The expected output is every line of the data exactly as shown, minus the images.

- [EXTRACTED RECORDS]:
● ● ●

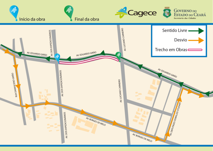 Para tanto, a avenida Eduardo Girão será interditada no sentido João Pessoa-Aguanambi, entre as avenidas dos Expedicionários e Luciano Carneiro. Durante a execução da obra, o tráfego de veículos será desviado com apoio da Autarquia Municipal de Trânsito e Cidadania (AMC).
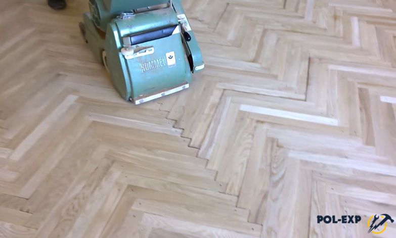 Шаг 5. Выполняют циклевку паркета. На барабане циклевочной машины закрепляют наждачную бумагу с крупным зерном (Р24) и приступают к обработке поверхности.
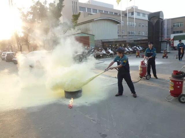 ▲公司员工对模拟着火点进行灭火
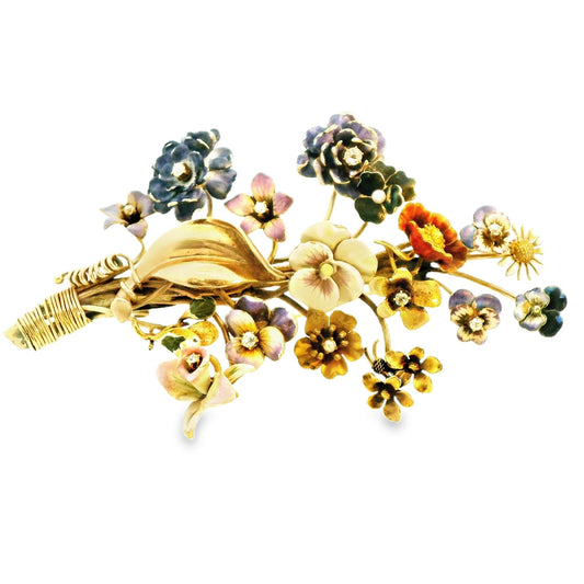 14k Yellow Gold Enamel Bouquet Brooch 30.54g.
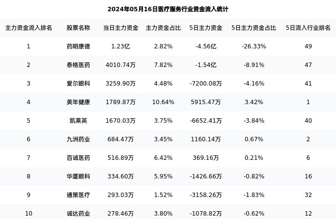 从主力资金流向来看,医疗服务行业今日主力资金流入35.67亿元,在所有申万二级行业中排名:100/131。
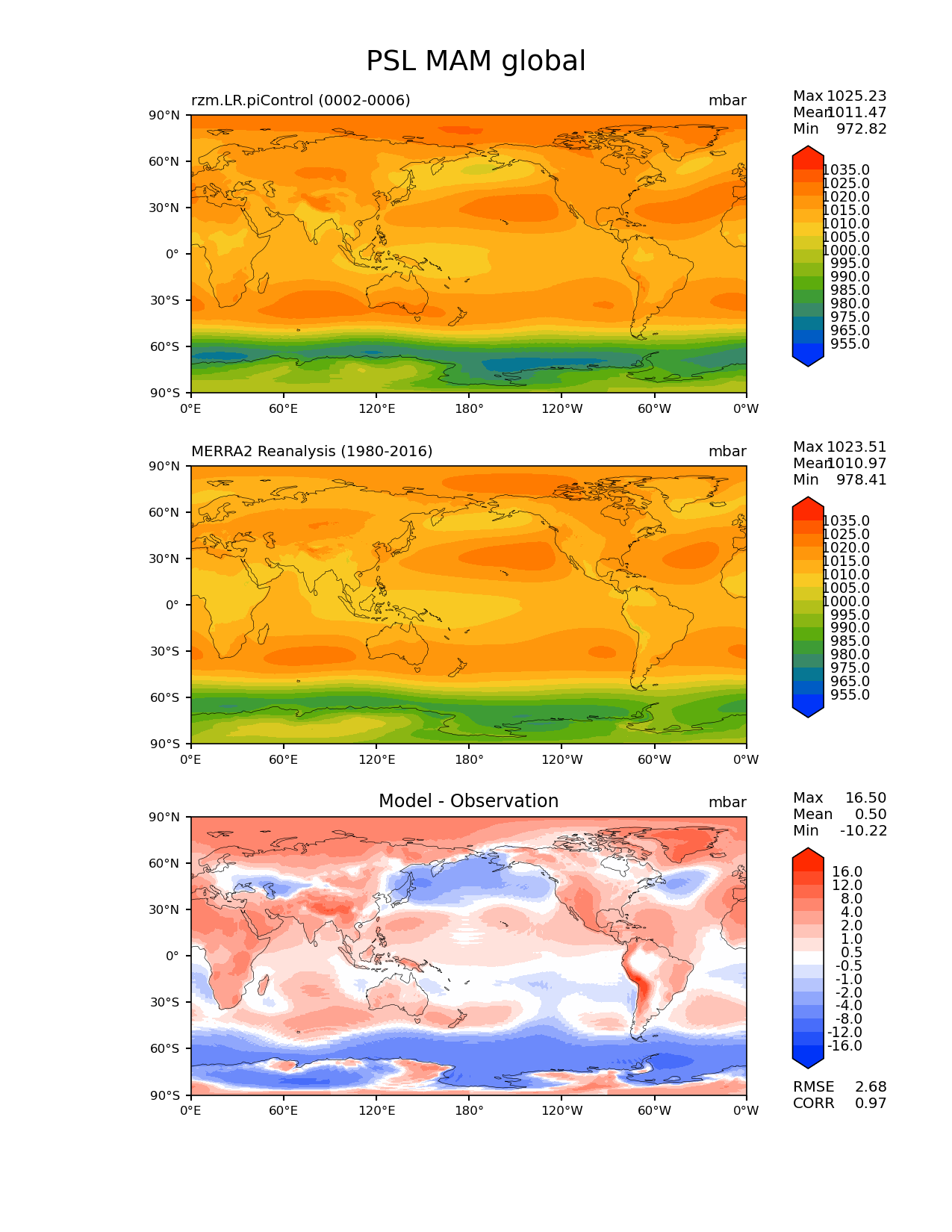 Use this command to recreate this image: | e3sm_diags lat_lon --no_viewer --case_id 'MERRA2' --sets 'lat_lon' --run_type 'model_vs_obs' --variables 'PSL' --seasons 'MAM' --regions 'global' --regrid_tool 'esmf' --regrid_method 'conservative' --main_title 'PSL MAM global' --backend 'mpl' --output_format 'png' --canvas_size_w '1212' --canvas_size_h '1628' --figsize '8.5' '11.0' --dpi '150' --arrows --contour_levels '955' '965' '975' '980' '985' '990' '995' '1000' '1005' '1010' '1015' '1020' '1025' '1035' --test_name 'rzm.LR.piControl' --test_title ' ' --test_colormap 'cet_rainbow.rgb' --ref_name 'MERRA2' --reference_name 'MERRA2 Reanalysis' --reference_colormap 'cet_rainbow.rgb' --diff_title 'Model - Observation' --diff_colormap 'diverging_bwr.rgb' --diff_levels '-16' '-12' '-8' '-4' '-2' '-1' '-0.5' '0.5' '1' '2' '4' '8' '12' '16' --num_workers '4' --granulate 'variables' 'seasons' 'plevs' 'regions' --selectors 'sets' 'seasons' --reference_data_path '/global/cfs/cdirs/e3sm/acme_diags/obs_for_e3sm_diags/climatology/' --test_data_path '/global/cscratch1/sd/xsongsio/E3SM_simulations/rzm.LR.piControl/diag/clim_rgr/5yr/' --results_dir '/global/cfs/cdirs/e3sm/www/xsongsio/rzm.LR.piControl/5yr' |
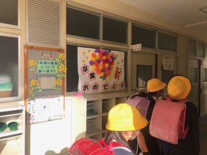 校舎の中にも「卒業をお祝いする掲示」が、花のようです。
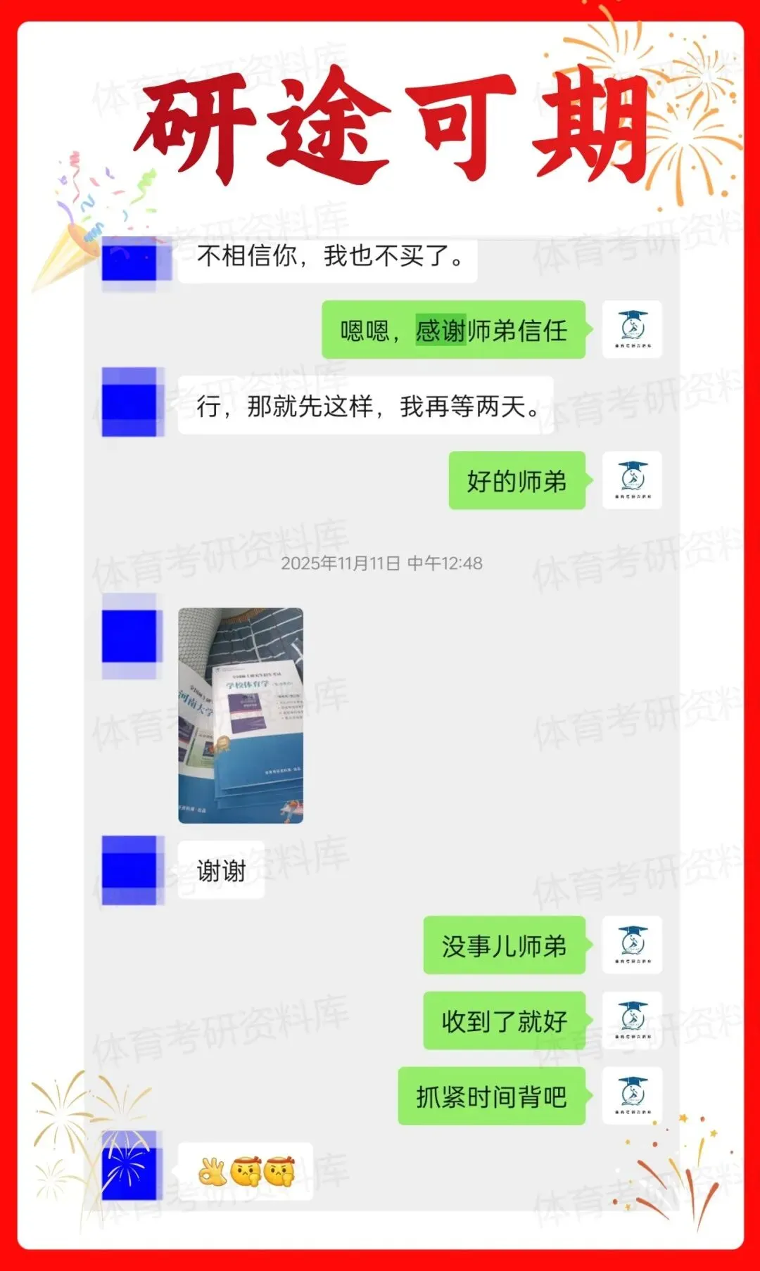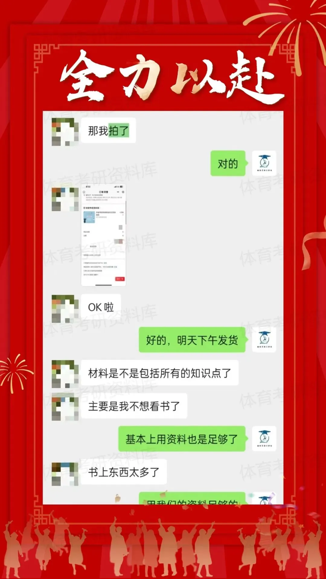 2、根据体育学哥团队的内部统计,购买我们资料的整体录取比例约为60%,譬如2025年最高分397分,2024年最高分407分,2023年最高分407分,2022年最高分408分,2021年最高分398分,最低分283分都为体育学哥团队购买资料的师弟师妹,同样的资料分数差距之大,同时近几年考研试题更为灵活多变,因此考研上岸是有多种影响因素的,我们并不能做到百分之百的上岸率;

● ● ●

- [EXERCISE ANSWER]:
 Para tanto, a avenida Eduardo Girão será interditada no sentido João Pessoa-Aguanambi, entre as avenidas dos Expedicionários e Luciano Carneiro. Durante a execução da obra, o tráfego de veículos será desviado com apoio da Autarquia Municipal de Trânsito e Cidadania (AMC).
 Шаг 5. Выполняют циклевку паркета. На барабане циклевочной машины закрепляют наждачную бумагу с крупным зерном (Р24) и приступают к обработке поверхности.
 ▲公司员工对模拟着火点进行灭火
 14k Yellow Gold Enamel Bouquet Brooch 30.54g.
 从主力资金流向来看,医疗服务行业今日主力资金流入35.67亿元,在所有申万二级行业中排名:100/131。
 Use this command to recreate this image: | e3sm_diags lat_lon --no_viewer --case_id 'MERRA2' --sets 'lat_lon' --run_type 'model_vs_obs' --variables 'PSL' --seasons 'MAM' --regions 'global' --regrid_tool 'esmf' --regrid_method 'conservative' --main_title 'PSL MAM global' --backend 'mpl' --output_format 'png' --canvas_size_w '1212' --canvas_size_h '1628' --figsize '8.5' '11.0' --dpi '150' --arrows --contour_levels '955' '965' '975' '980' '985' '990' '995' '1000' '1005' '1010' '1015' '1020' '1025' '1035' --test_name 'rzm.LR.piControl' --test_title ' ' --test_colormap 'cet_rainbow.rgb' --ref_name 'MERRA2' --reference_name 'MERRA2 Reanalysis' --reference_colormap 'cet_rainbow.rgb' --diff_title 'Model - Observation' --diff_colormap 'diverging_bwr.rgb' --diff_levels '-16' '-12' '-8' '-4' '-2' '-1' '-0.5' '0.5' '1' '2' '4' '8' '12' '16' --num_workers '4' --granulate 'variables' 'seasons' 'plevs' 'regions' --selectors 'sets' 'seasons' --reference_data_path '/global/cfs/cdirs/e3sm/acme_diags/obs_for_e3sm_diags/climatology/' --test_data_path '/global/cscratch1/sd/xsongsio/E3SM_simulations/rzm.LR.piControl/diag/clim_rgr/5yr/' --results_dir '/global/cfs/cdirs/e3sm/www/xsongsio/rzm.LR.piControl/5yr' |
 校舎の中にも「卒業をお祝いする掲示」が、花のようです。
 2、根据体育学哥团队的内部统计,购买我们资料的整体录取比例约为60%,譬如2025年最高分397分,2024年最高分407分,2023年最高分407分,2022年最高分408分,2021年最高分398分,最低分283分都为体育学哥团队购买资料的师弟师妹,同样的资料分数差距之大,同时近几年考研试题更为灵活多变,因此考研上岸是有多种影响因素的,我们并不能做到百分之百的上岸率;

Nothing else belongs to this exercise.